SUPPLIED MATERIAL

● ● ● ●

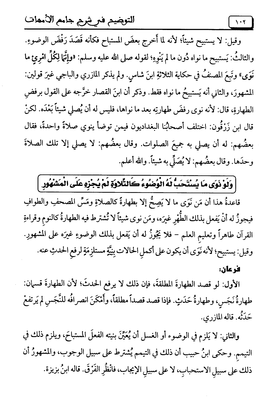 والثاني: لا يَلزم في الوضوء أو الغسل أن يُعَيِّنَ بنيته الفعلَ المستباحَ، ويلزم ذلك في التيممِ. وحكى ابنُ حبيب أن ذلك في التيمم يُشترط على سبيل الوجوب، والْمَشْهُورِ أن ذلك على سبيلِ الاستحبابِ، لا على سبيلِ الإيجاب، فانْظُرِ الفَرْقَ. قال ابنُ بزيزة.
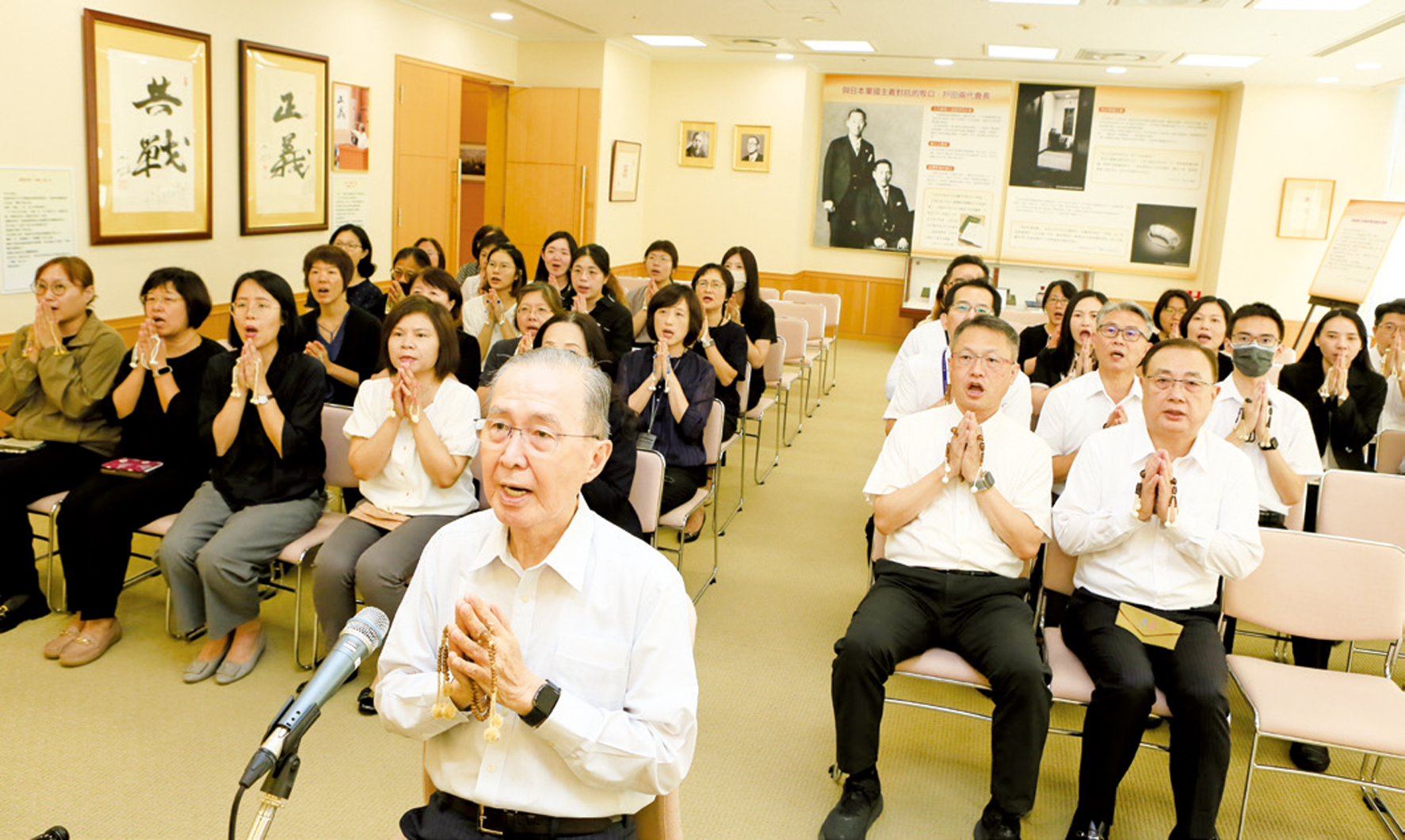 10月3日上午,林釗理事長帶領學會本部職員於至善文化會館恩師紀念室舉行「馬太鞍溪堰塞湖災害」追善祈福勤行會,以妙法題目為花蓮光復鄉不幸罹難的災民追善祈福,並祈求重建復原工作順利進行。
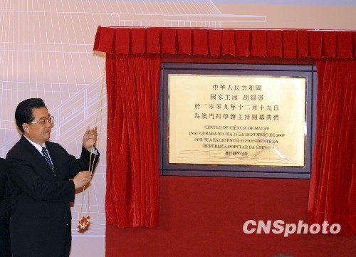 12月19日下午,国家主席胡锦涛在澳门出席澳门科学馆开幕典礼并亲手为之揭幕。

● ● ● ●

EXERCISE
Repeat word for word only the lines from the line holding "10月3日上午,林釗理事長帶" to the final line of the material, both included. Don't carry over any picture.

WRITTEN ANSWER
 10月3日上午,林釗理事長帶領學會本部職員於至善文化會館恩師紀念室舉行「馬太鞍溪堰塞湖災害」追善祈福勤行會,以妙法題目為花蓮光復鄉不幸罹難的災民追善祈福,並祈求重建復原工作順利進行。
 12月19日下午,国家主席胡锦涛在澳门出席澳门科学馆开幕典礼并亲手为之揭幕。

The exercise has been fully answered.